Collected material |
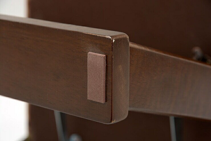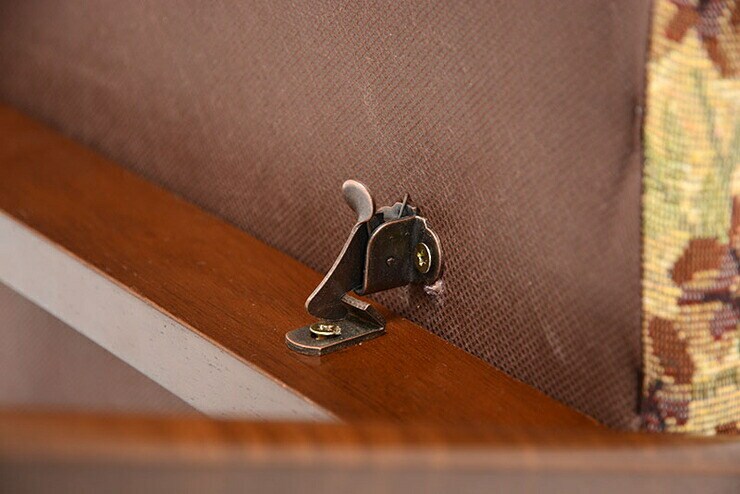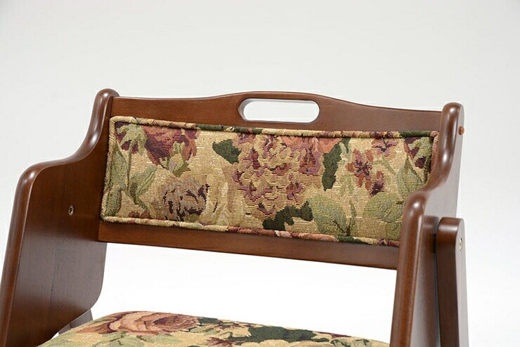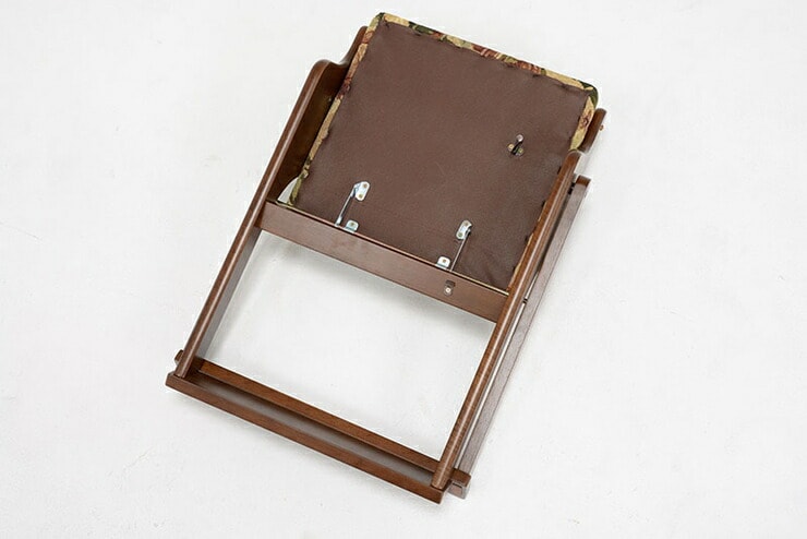 ストッパー付きなので勝手に閉じず安全な折りたたみチェア。背面も生地張りで高級感ある仕上がり。
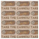 Fabric présente une illustration originale d'un délicieux cannoli, avec TAKE THE CANNOLI écrit dans une police marron amusante. Imprimé sur un arrière - plan bronzé.
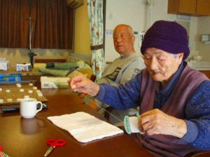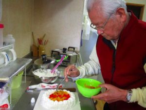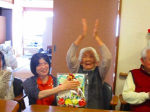 今日は、お誕生会。ケーキを作ってお祝い。いつまでも元気でいてください。
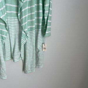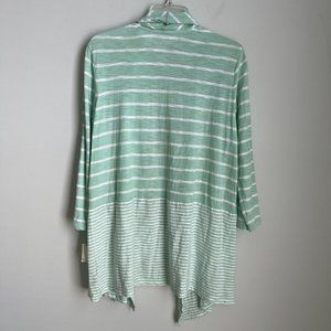 New With Tags Talbots Mint Green Striped 3/4 Sleeve Open Front Cardigan Women's

Task brief | Drop the pictures and reproduce the rest of the data exactly.

Result of this task |
 ストッパー付きなので勝手に閉じず安全な折りたたみチェア。背面も生地張りで高級感ある仕上がり。
 Fabric présente une illustration originale d'un délicieux cannoli, avec TAKE THE CANNOLI écrit dans une police marron amusante. Imprimé sur un arrière - plan bronzé.
 今日は、お誕生会。ケーキを作ってお祝い。いつまでも元気でいてください。
 New With Tags Talbots Mint Green Striped 3/4 Sleeve Open Front Cardigan Women's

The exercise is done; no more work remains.